__Work item__.
Begin with the line below holding "1 liter vand" and go on through the line holding "One of the challenges", duplicating each line exactly and leaving out pictures.
____
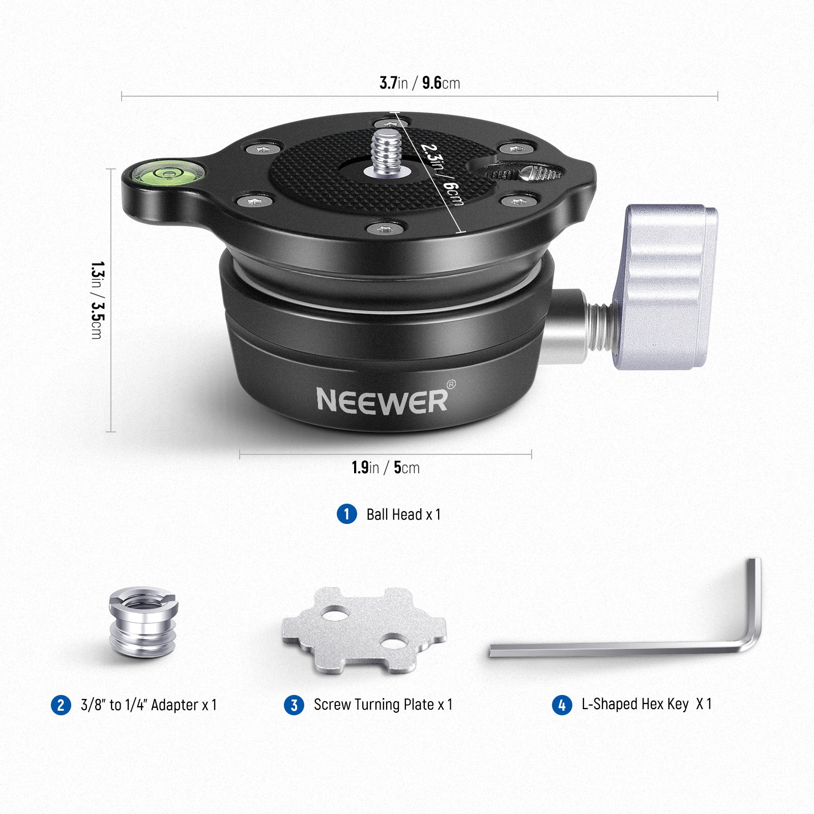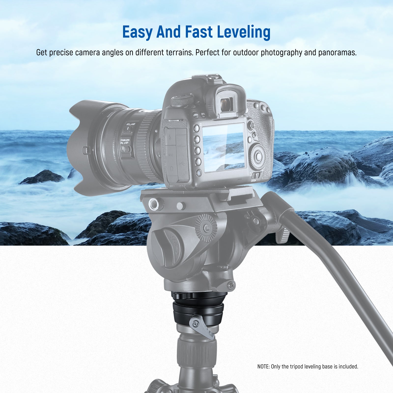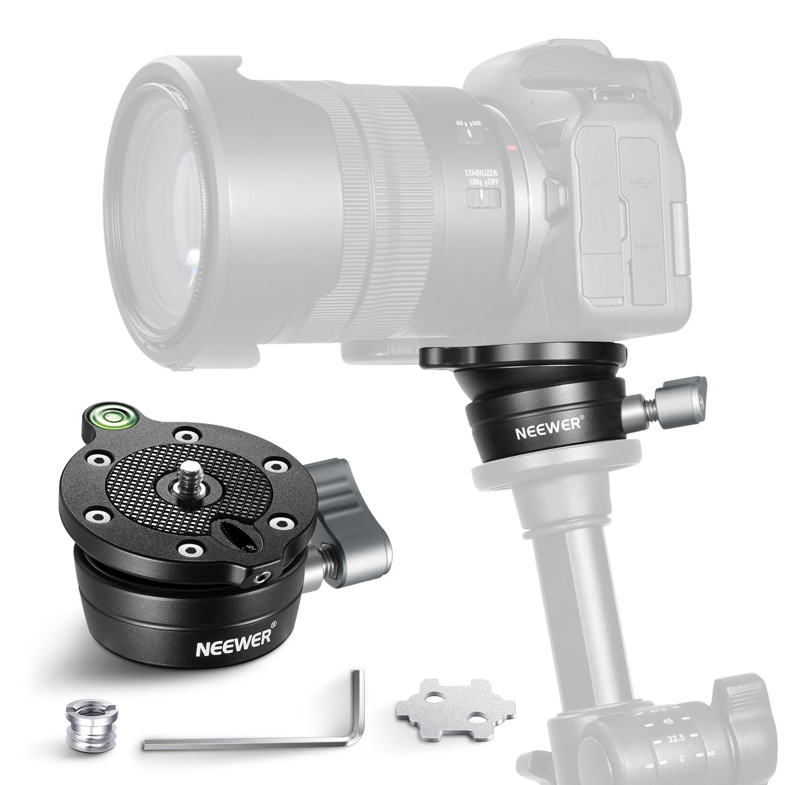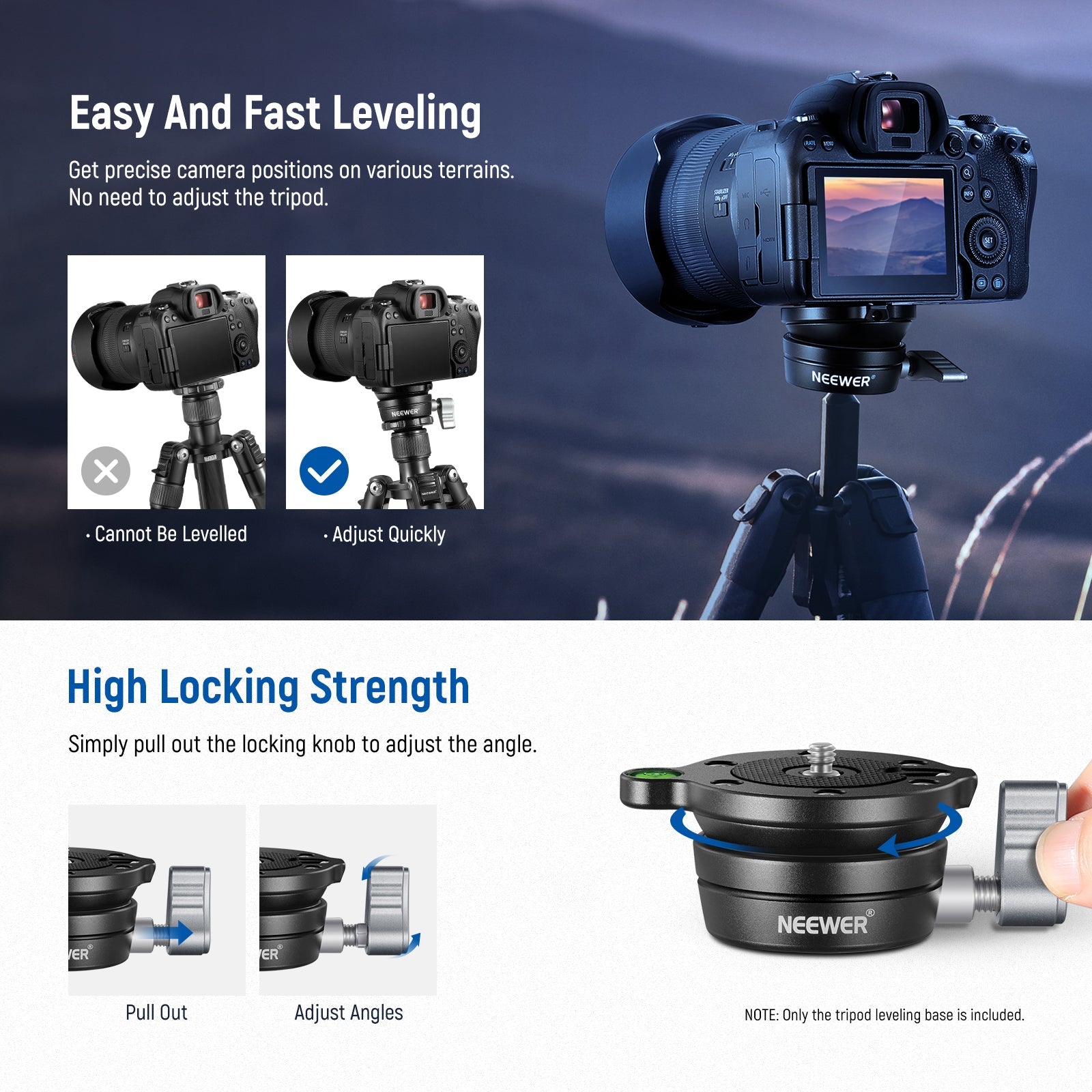 - 【Stativ-Nivellierungsbasis mit 12° Neigung nach oben und unten】Mit einem -12°/+12°-Neigungsdesign, gepaart mit einer 360°-Schwenkbewegung, bietet der NEEWER Stativ-Nivellierungskopf mehr Stabilität und einen flexiblen Aufnahmewinkel, insbesondere für Overhead-Aufnahmen. Ein Verriegelungsknopf sichert die Kamera schnell an Ort und Stelle, und eine Feststellschraube hält die Kamera fest befestig
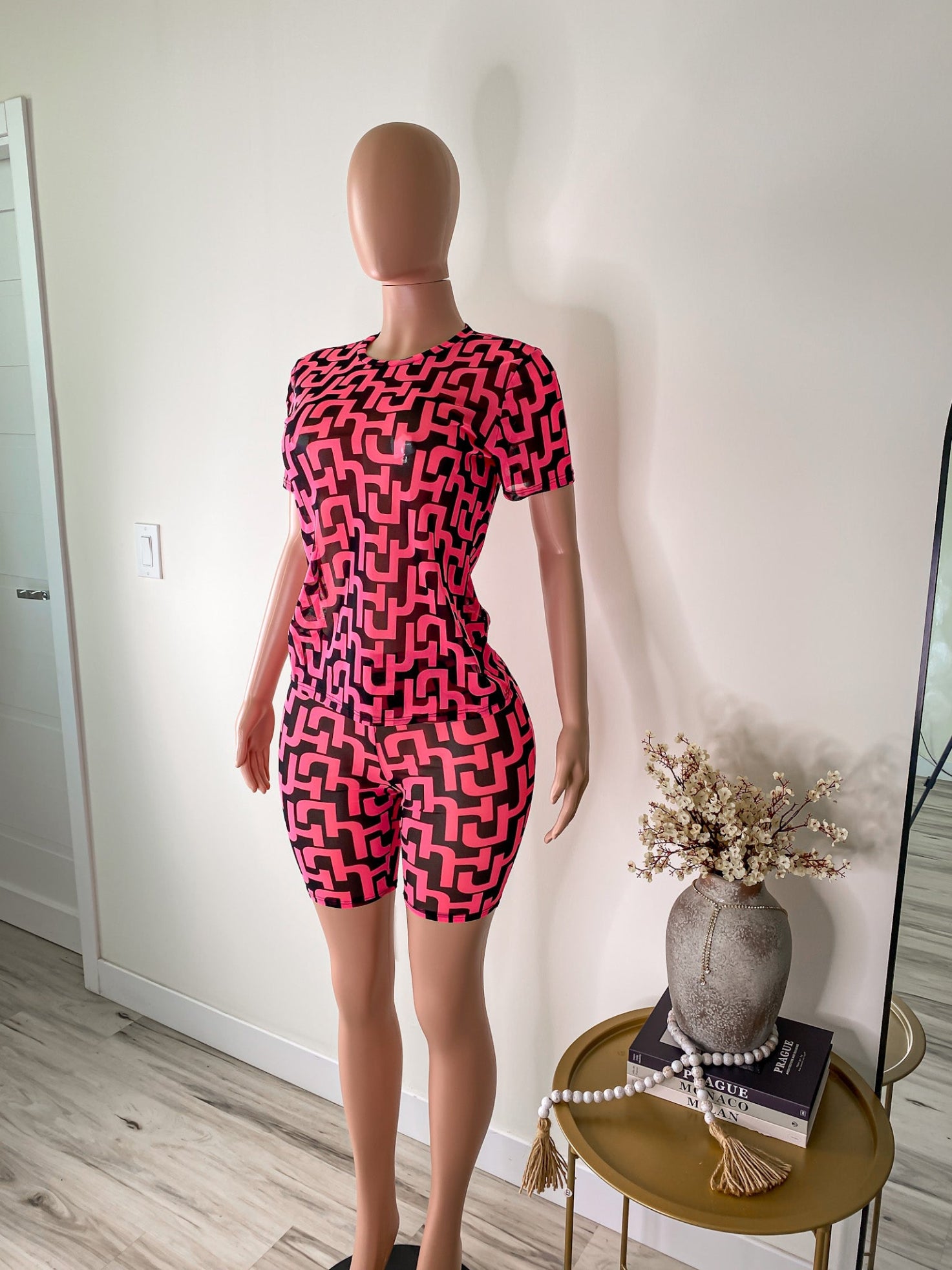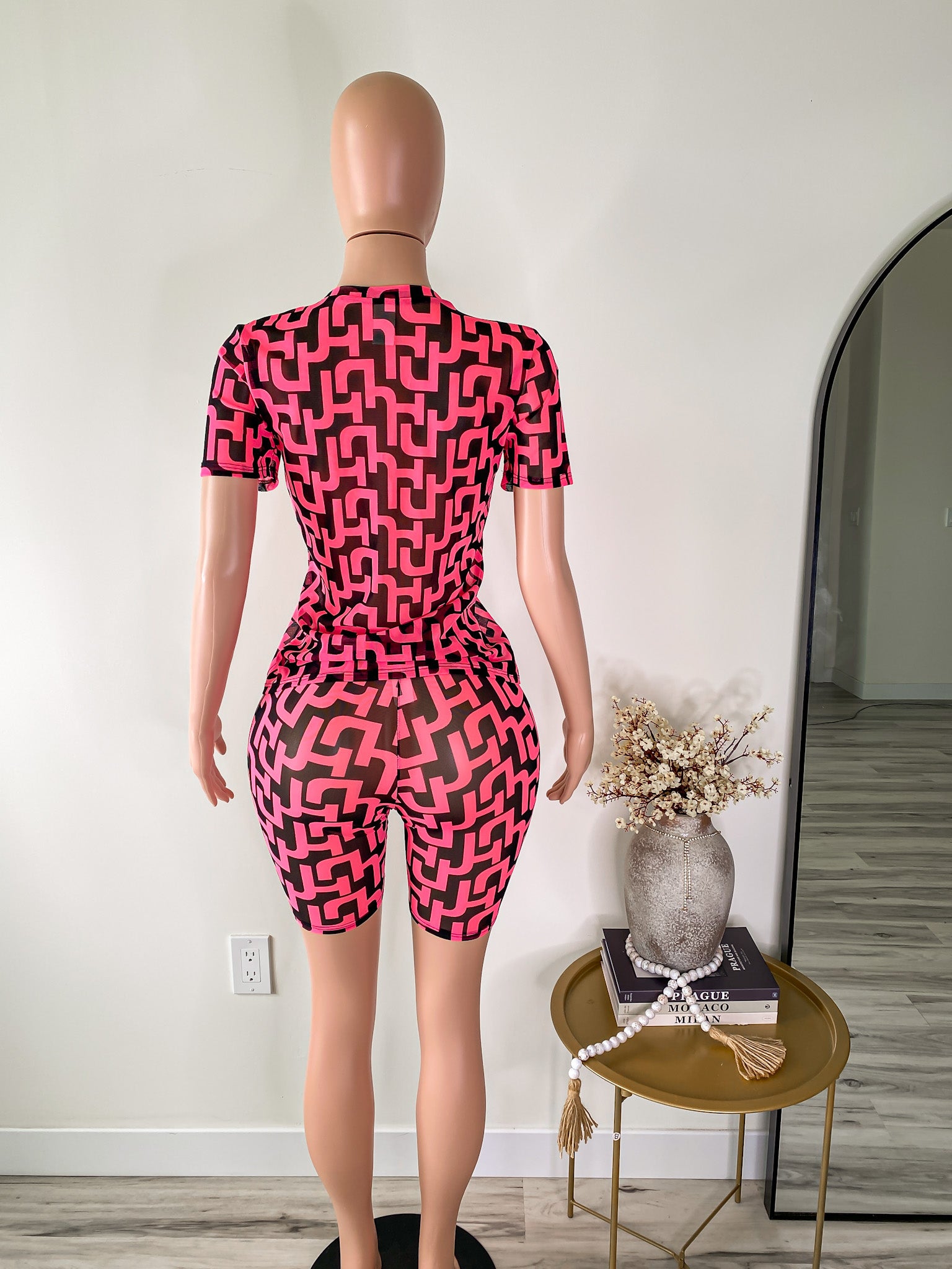 Step into the spotlight with Pattern Play — a bold, sheer two-piece set designed for the girl who doesn’t follow trends… she prints them. Featuring a fitted mesh tee and matching biker shorts in a striking retro-inspired geometric design, this look gives energy, movement, and pure bad girl confidence.
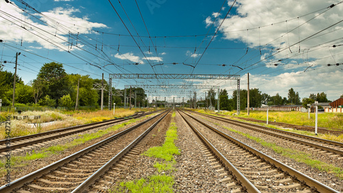 railway against the blue sky and clouds
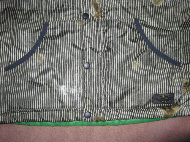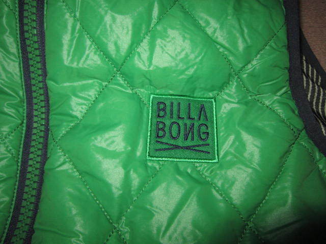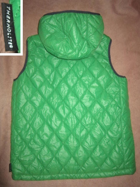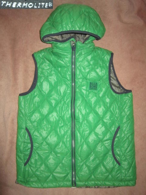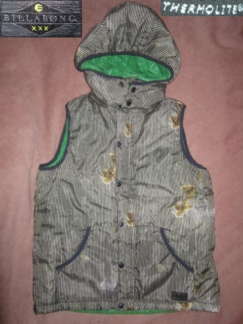 超レア!激安 即決! BILLABONG THERMOLITE ビラボン ヒッコリーデニム転写 ダメージ転写 リバーシブル キルティング フード中綿ベスト L
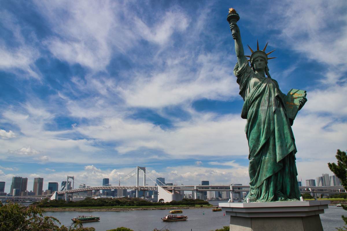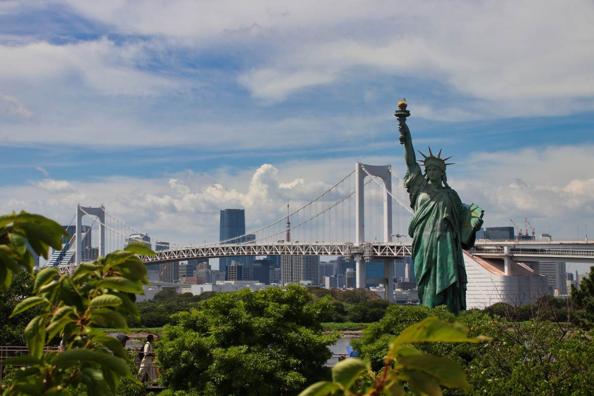 In Odaiba steht eine Nachbildung der Freiheitsstatue von New York. Sie ist allerdings deutlich kleiner als das Original.
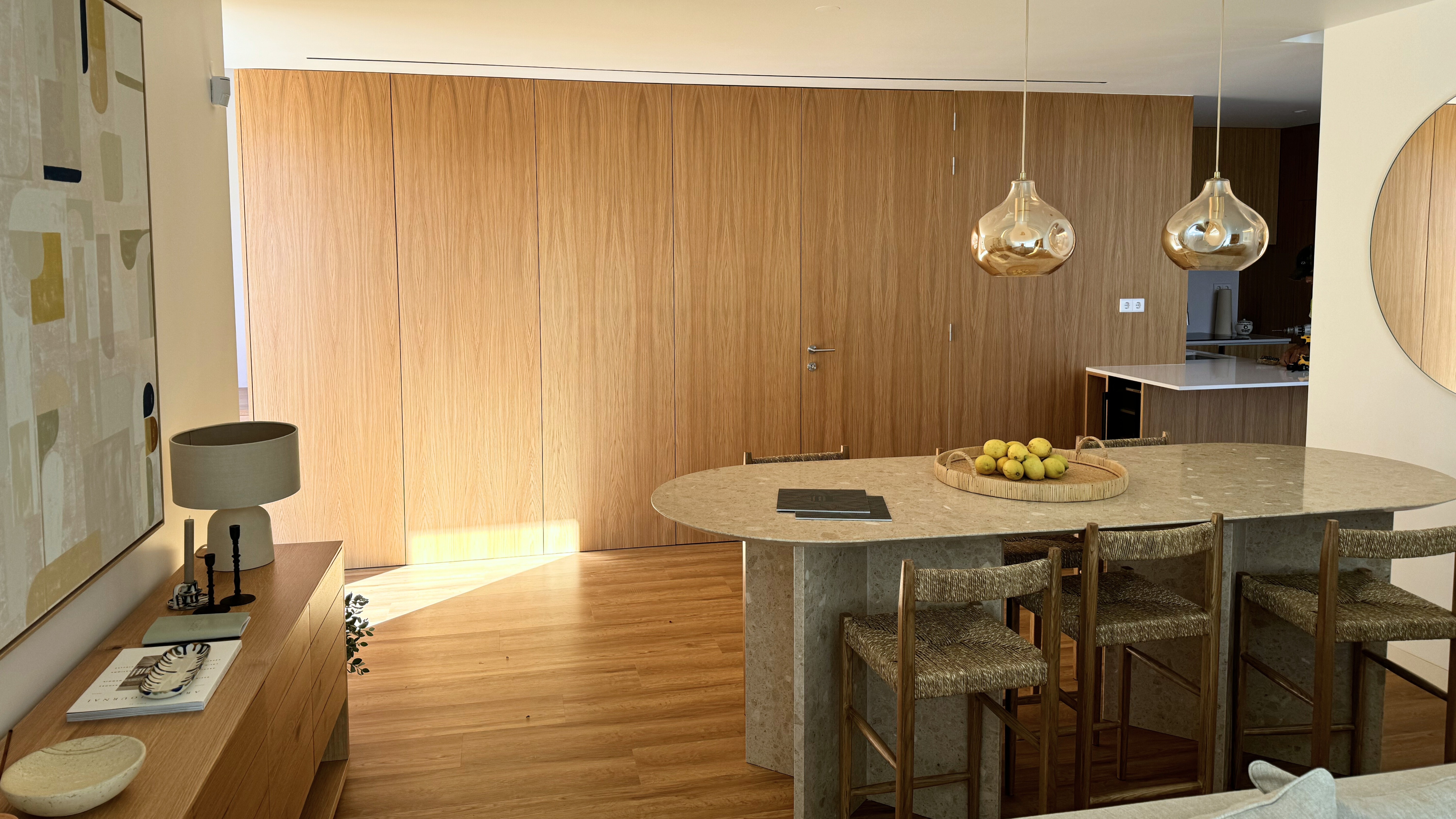 A ilha central assume-se como peça escultórica — minimal, mas protagonista — complementada pela integração discreta da garrafeira e eletrodomésticos.
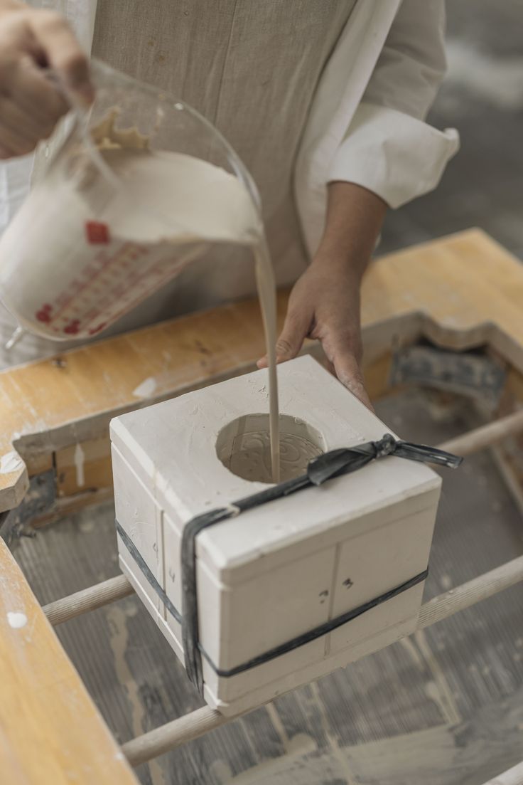 – fx støbegips til keramikforme (som den type fra Silica Nordic) 1,4 kg gips til 1 liter vand
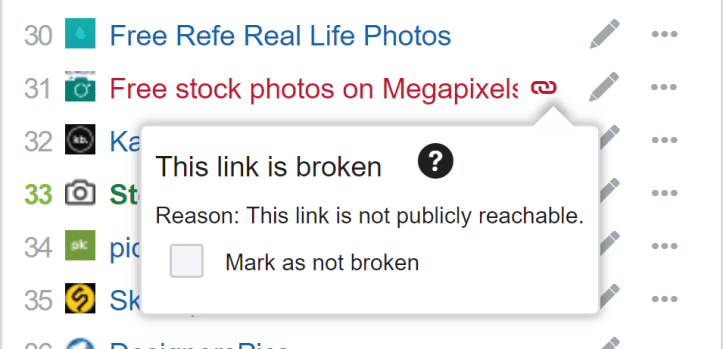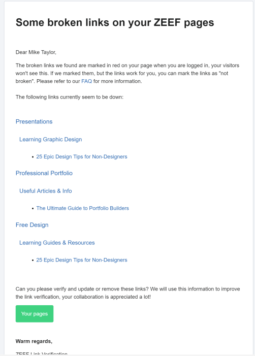 One of the challenges with curated collections is that over time some of your resources vanish from the web leaving you with dead links. Zeef keeps an eye on your links and notifies you if any of them go bad.On your page look for any links that have turned red.
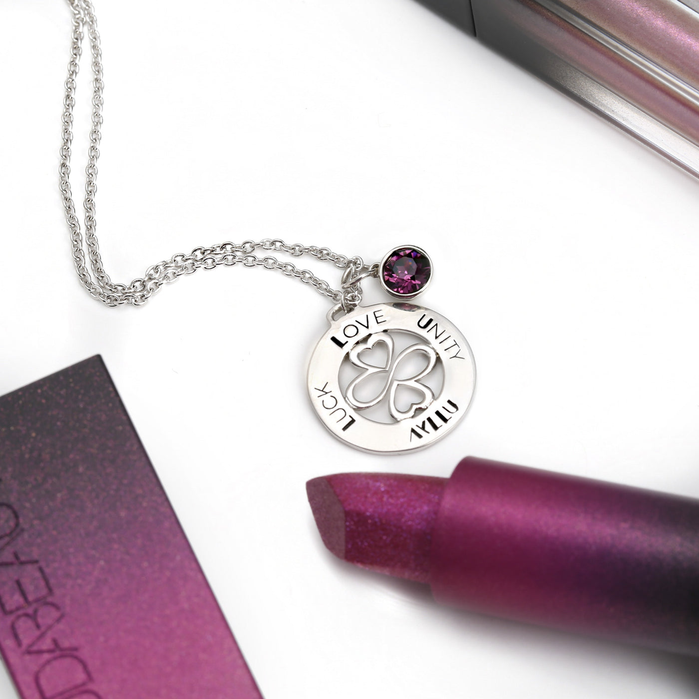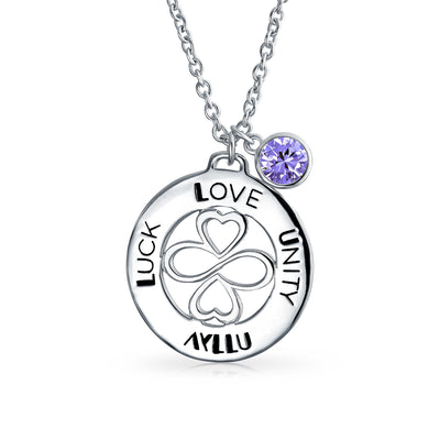 • Elegant crystal charm necklace for 12 birthstone months. Features AYLLU symbol and inspirational words. Sterling silver, handcrafted gift box, and pamphlet included.
____
__Response to the exercise__.
 – fx støbegips til keramikforme (som den type fra Silica Nordic) 1,4 kg gips til 1 liter vand
 One of the challenges with curated collections is that over time some of your resources vanish from the web leaving you with dead links. Zeef keeps an eye on your links and notifies you if any of them go bad.On your page look for any links that have turned red.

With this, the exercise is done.